*Data supplied*

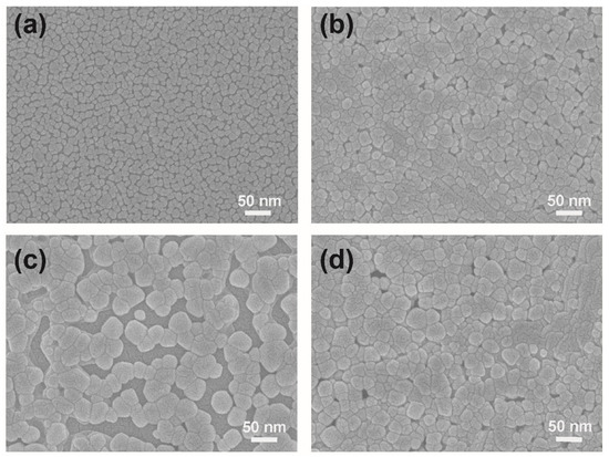 SEM images for the surface morphology of the VO2 films with thickness of (a) 28 nm, (b) 59 nm, (c) 86 nm, and (d) 130 nm.
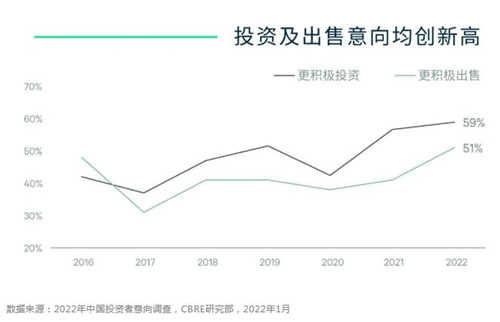 雖然新冠疫情在2021年仍有零星發(fā)生,但精準快速的防控措施極大地降低了疫情對市場的影響,中國內地大宗交易市場已恢復常態(tài)。CBRE世邦魏理仕近日發(fā)布《中國2022年投資者意向調查》顯示,投資者對中國內地商業(yè)地產的長期信心增強,59%的受訪者選擇在2022年“更積極投資”,再創(chuàng)2016年首次投資者意向調查以來的新高。
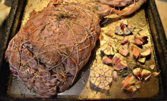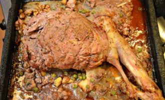 Налейте в противень оливковое масло, уложите баранью ногу, разрезанную пополам большую головку чеснока. Посыпьте сухим розмарином и поставьте в сильно разогретую духовку (до 230°С) на 10 — 15 мин, чтобы мясо равномерно поджарилось со всех сторон. Для этого периодически поворачивайте ногу на противне.
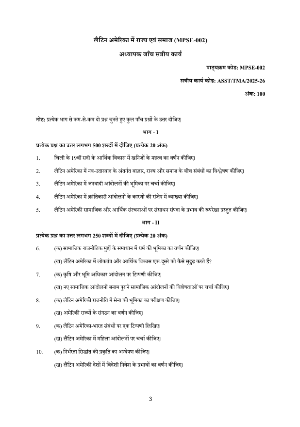 📚 MPSE-002 – लातिन अमरीका में राज्य एवं समाज के बारे में
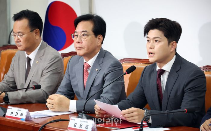 김용태 국민의힘 비상대책위원장이 19일 오전 서울 여의도 국회에서 열린 국민의힘 '비리백화점 이재명 정부 인사청문회 대책회의'에서 모두발언을 하고 있다.
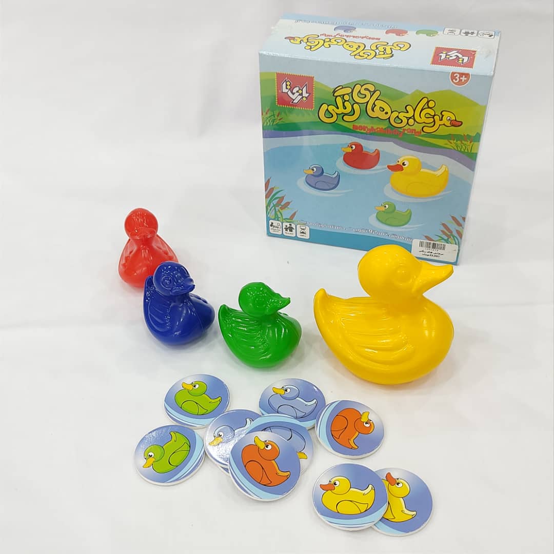 یک عدد مرغابی مادر 3 عدد جوجه مرغابی 20 عدد کارت های بازی قانون بازی
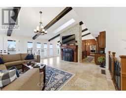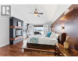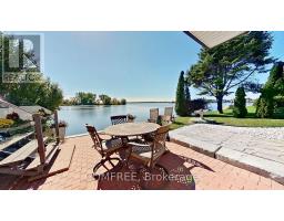 Welcome to your lakeside escape, a stunning southern-exposure waterfront home at the end of a quiet cul-de-sac, set on a protected cove of Presqu'ile Bay with 175 ft of pristine shoreline. A true boater's paradise, this property offers calm, sheltered waters for docking and kayaking, a Seadoo/kayak lift, and quick access to Lake Ontario for open-water adventures. Just a 2-hour drive from the GTA and five minutes to Brighton's charming downtown, this rare waterfront location also offers full municipal services and easy access to Presqu'ile Provincial Park walking trails and sandy beaches.Wall-to-wall French doors span the length of the home, filling the main level with natural light and panoramic Bay views. The open-concept layout features vaulted beamed ceilings, a floor-to-ceiling stone fireplace, and a gourmet kitchen with granite counters, a 9-ft island, gas cooktop, heated floors, Sub-Zero fridge, and brand-new Bosch oven and dishwasher. The luxe primary suite includes a fireplace, walk-in closet with laundry, and direct hot-tub access. A main-level 4-pc bath with heated floors and a second bedroom or study complete this level. Step onto the 50-ft covered deck with hot tub and enjoy the lake breeze. Expansive water views from the main level create a serene, almost yacht-like experience.The bright finished walkout lower level offers excellent potential for an in-law suite or separate apartment, with large windows overlooking the Bay, a rec room, two bedrooms, a 4-pc bath, laundry room and a hobby room/gym with plumbing and patio doors to a second patio.Additional features include an attic above the garage, enclosed storage under the deck, parking for six plus an RV/boat pad, a hard-wired natural gas generator, and brand-new furnace and AC for year-round comfort. Where refined living meets extraordinary waterfront beauty - a rare opportunity on Presqu'ile Bay. (id:61594)

*What is required*
Repeat the records in full, precisely, and keep the pictures out.

*Result of this task*
 SEM images for the surface morphology of the VO2 films with thickness of (a) 28 nm, (b) 59 nm, (c) 86 nm, and (d) 130 nm.
 雖然新冠疫情在2021年仍有零星發(fā)生,但精準快速的防控措施極大地降低了疫情對市場的影響,中國內地大宗交易市場已恢復常態(tài)。CBRE世邦魏理仕近日發(fā)布《中國2022年投資者意向調查》顯示,投資者對中國內地商業(yè)地產的長期信心增強,59%的受訪者選擇在2022年“更積極投資”,再創(chuàng)2016年首次投資者意向調查以來的新高。
 Налейте в противень оливковое масло, уложите баранью ногу, разрезанную пополам большую головку чеснока. Посыпьте сухим розмарином и поставьте в сильно разогретую духовку (до 230°С) на 10 — 15 мин, чтобы мясо равномерно поджарилось со всех сторон. Для этого периодически поворачивайте ногу на противне.
 📚 MPSE-002 – लातिन अमरीका में राज्य एवं समाज के बारे में
 김용태 국민의힘 비상대책위원장이 19일 오전 서울 여의도 국회에서 열린 국민의힘 '비리백화점 이재명 정부 인사청문회 대책회의'에서 모두발언을 하고 있다.
 یک عدد مرغابی مادر 3 عدد جوجه مرغابی 20 عدد کارت های بازی قانون بازی
 Welcome to your lakeside escape, a stunning southern-exposure waterfront home at the end of a quiet cul-de-sac, set on a protected cove of Presqu'ile Bay with 175 ft of pristine shoreline. A true boater's paradise, this property offers calm, sheltered waters for docking and kayaking, a Seadoo/kayak lift, and quick access to Lake Ontario for open-water adventures. Just a 2-hour drive from the GTA and five minutes to Brighton's charming downtown, this rare waterfront location also offers full municipal services and easy access to Presqu'ile Provincial Park walking trails and sandy beaches.Wall-to-wall French doors span the length of the home, filling the main level with natural light and panoramic Bay views. The open-concept layout features vaulted beamed ceilings, a floor-to-ceiling stone fireplace, and a gourmet kitchen with granite counters, a 9-ft island, gas cooktop, heated floors, Sub-Zero fridge, and brand-new Bosch oven and dishwasher. The luxe primary suite includes a fireplace, walk-in closet with laundry, and direct hot-tub access. A main-level 4-pc bath with heated floors and a second bedroom or study complete this level. Step onto the 50-ft covered deck with hot tub and enjoy the lake breeze. Expansive water views from the main level create a serene, almost yacht-like experience.The bright finished walkout lower level offers excellent potential for an in-law suite or separate apartment, with large windows overlooking the Bay, a rec room, two bedrooms, a 4-pc bath, laundry room and a hobby room/gym with plumbing and patio doors to a second patio.Additional features include an attic above the garage, enclosed storage under the deck, parking for six plus an RV/boat pad, a hard-wired natural gas generator, and brand-new furnace and AC for year-round comfort. Where refined living meets extraordinary waterfront beauty - a rare opportunity on Presqu'ile Bay. (id:61594)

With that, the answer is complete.